Description

Efficient Balanced Networks

The brain computes with spikes, and spikes are very costly to metabolism. Yet, the spiking responses of most cortical cells appear extremely noisy, to the extent that the only feature that repeats from trial to trial is the mean firing rate. If that was the case, the most sophisticated of central nervous system, the mammal brain, would be one of the less efficient and reliable in the animal kingdom.  Another prominent feature of cortical networks is that they maintain a tight balance between excitation and inhibition. This balance can result in chaotic dynamics, providing a mechanistic account for such variability. However this does not solve the conundrum of "why" circuits would be organized this way.

Here, we will strongly challenge this view and show that networks that learn to maintain a tight E/I balance converge in fact to state were they represent their stimuli most efficiently, i.e.  they achieve the highest possible accuracy and robustness given the number of spikes they spend.  Thought local, biologically plausible plasticity rules, biophysical entities such as membrane potentials and spikes acquire global functional meaning, constantly monitoring the network performance and correcting its errors.  Neural responses become highly variable, not because they are noisy, but because the population code is highly degenerate: Many different spiking patterns are equivalent in terms of coding. The mammal brain must combine high capacity, high robustness and low metabolic cost.

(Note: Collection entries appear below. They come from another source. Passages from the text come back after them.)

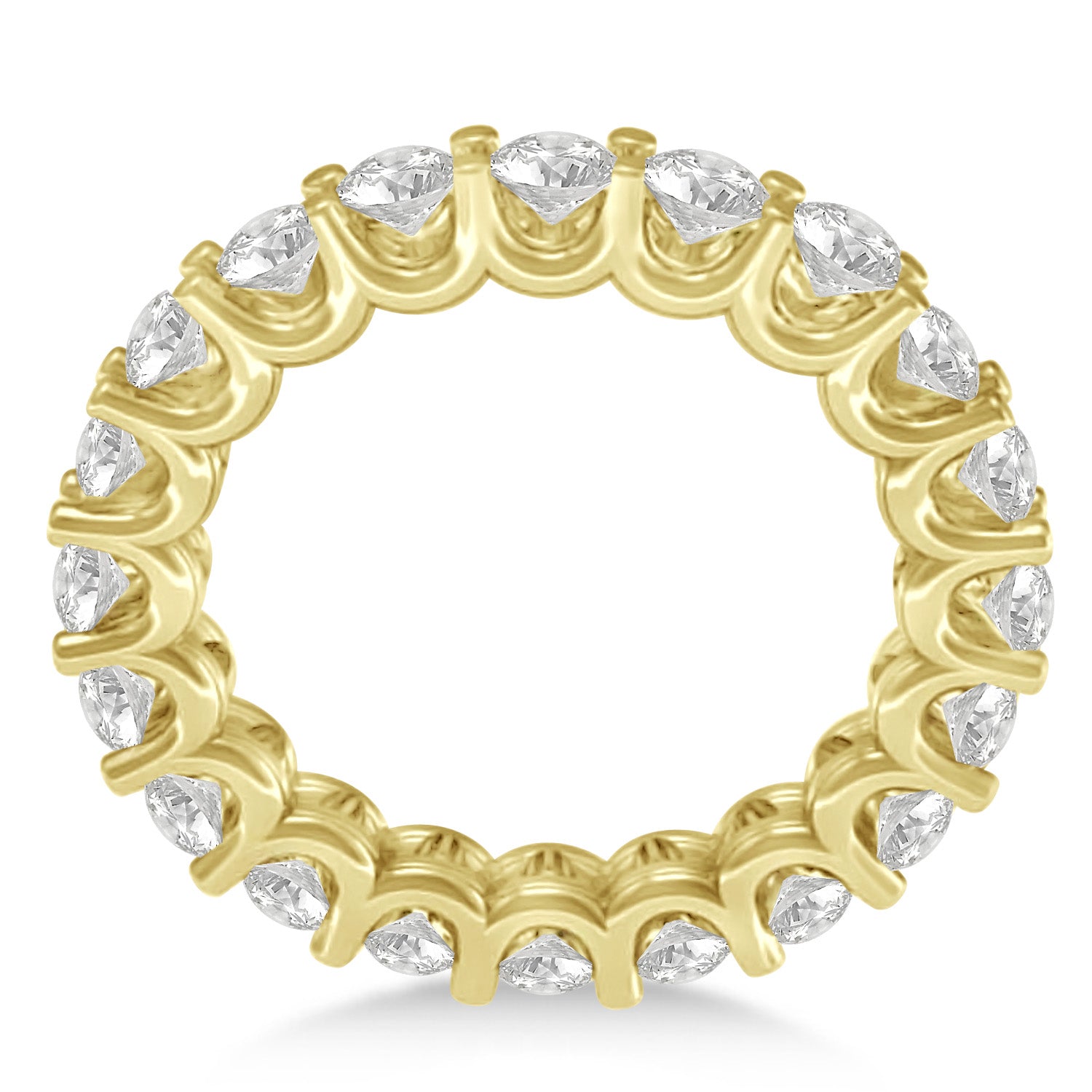 Set in 14k yellow gold, 20 diamonds surround the entirety of this eternity band, in a prominent, prong-set setting.
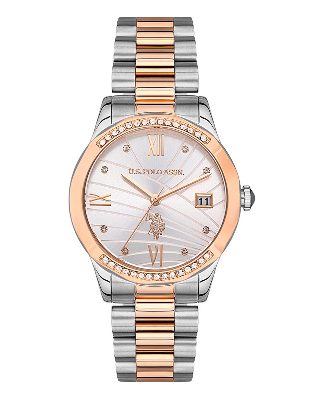 Женские часы U.S. Polo Assn Stile USPA2059-04, кварцевый механизм с высокой точностью. Минеральное стеклоМинеральное стеклоМинеральное стекло представляет собой искусственно выращенный минерал кварца. Такое стекло отличается особой устойчивостью к повреждениям и царапинам. Уступает по некоторым качествам сапфировому стеклу. устойчивое к появлению царапин, обладающее высокой прозрачностью. Корпус изготовлен из нержавеющей стали. БезельБезельВнешний ободок, закрепляющий стекло. В спортивных часах так называется поворотное кольцо с делениями на циферблате, выполняет роль таймера – замеряет отрезки времени на шкале. Неподвижный безель – элемент декора. Однонаправленно вращающийся безель на дайверских часах позволяет фиксировать моменты погружения и выныривания на поверхность. с IP-покрытиемIP-покрытиеМетод ионного напыления. Демонстрирует повышенную устойчивость к истиранию, окислению и химическим веществам. Под воздействием высокого давления и температуры около 1500°C молекулы металла надёжно соединяются с частицами корпуса часов. и циферблат украшены кристаллами. Окошко даты в положении 3 часа. Класс водозащиты: 30 метров, позволит защитить корпус от случайных брызг или капель дождя. Стальной браслет с IP-покрытиемIP-покрытиеМетод ионного напыления. Демонстрирует повышенную устойчивость к истиранию, окислению и химическим веществам. Под воздействием высокого давления и температуры около 1500°C молекулы металла надёжно соединяются с частицами корпуса часов. на застёжка «бабочка» с кнопкамиЗастёжка "бабочка"Такой вид застёжки дополняется предохранителями, помогающими избежать случайного раскрытия браслета. Обладают изящным исполнением. .
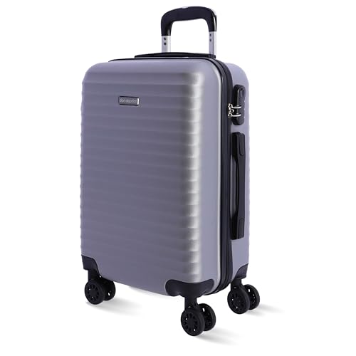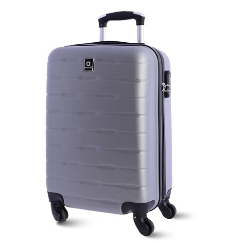 AMICHI Resväskor hytt resväska passar för Ryannair, robust flygplansbagage med 4 hjul 360° och hänglås, Silver, 55x40x20 cm, Kabinväska

According to our framework,  it results in unpredictable activity at the level of single cells, but extremely reliable population codes.

Finally, borrowing concepts from control theory, we will show that these networks can learn any dynamical systems. For example, they can learn to integrate sensory input, memorize, make decisions, control motor effectors, all based on a relatively small number of example trajectories. The infered learning rules are local and biophysically plausible, and guarrantied to converge to a highly efficient implementation of those tasks. Thus, the number of spikes and population size required are order of magnitude lower (and thus, the capacity order of magnitudes higher) than current rate-based models.